From the first line to the last, please reproduce the material exactly, skipping the pictures.

INFORMATION SUPPLIED —
=-=-=
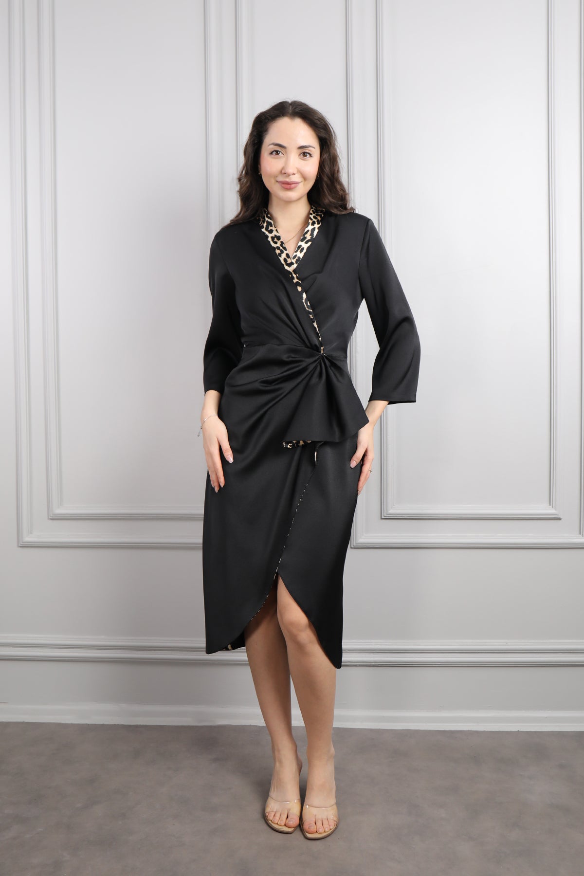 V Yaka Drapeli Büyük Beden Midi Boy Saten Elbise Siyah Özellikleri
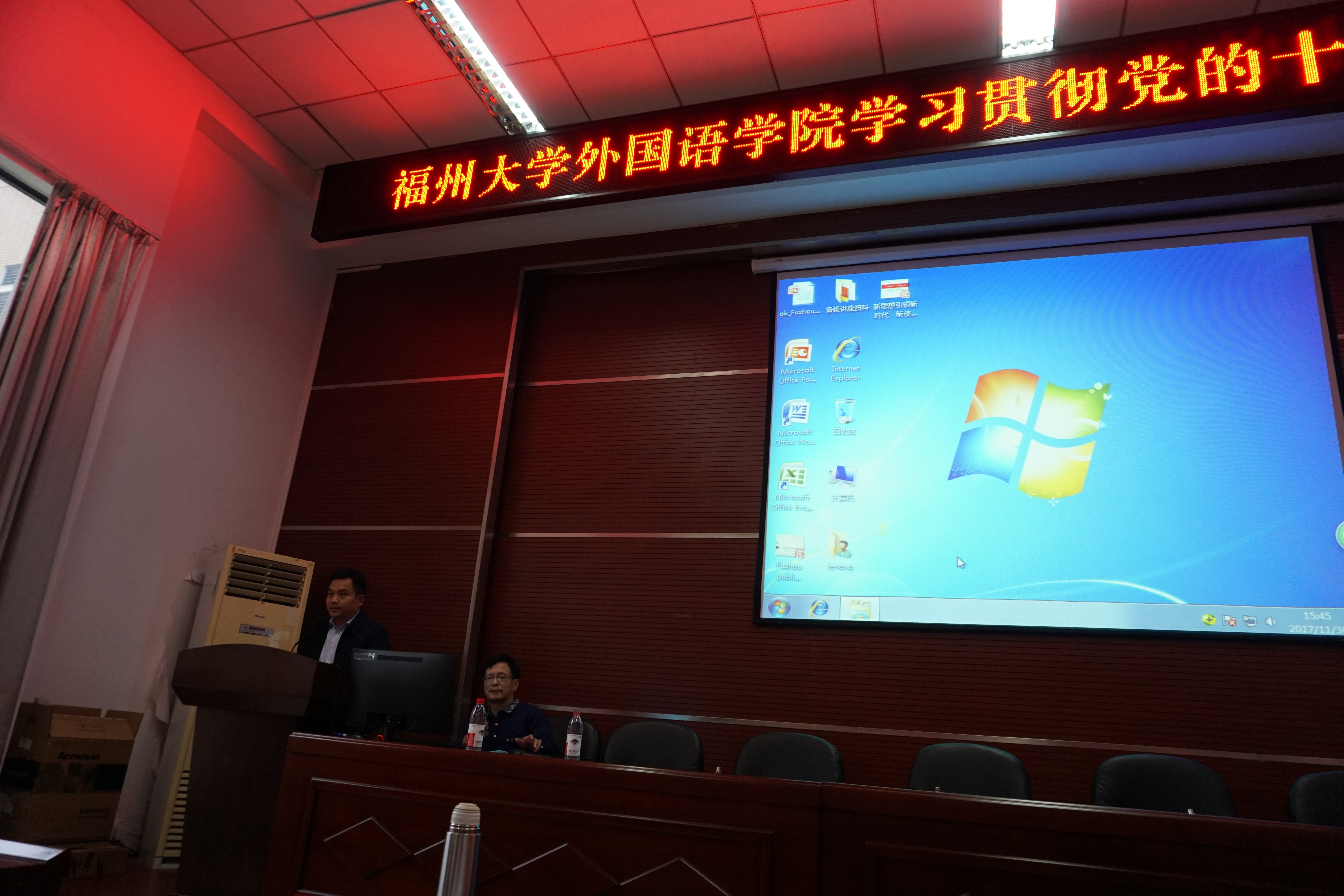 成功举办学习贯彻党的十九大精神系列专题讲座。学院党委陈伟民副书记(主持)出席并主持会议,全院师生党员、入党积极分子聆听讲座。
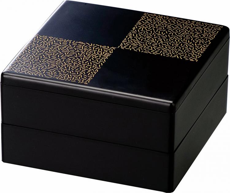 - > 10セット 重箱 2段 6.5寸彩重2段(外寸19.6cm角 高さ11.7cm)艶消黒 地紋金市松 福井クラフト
=-=-=
RESPONSE AREA —
 V Yaka Drapeli Büyük Beden Midi Boy Saten Elbise Siyah Özellikleri
 成功举办学习贯彻党的十九大精神系列专题讲座。学院党委陈伟民副书记(主持)出席并主持会议,全院师生党员、入党积极分子聆听讲座。
 - > 10セット 重箱 2段 6.5寸彩重2段(外寸19.6cm角 高さ11.7cm)艶消黒 地紋金市松 福井クラフト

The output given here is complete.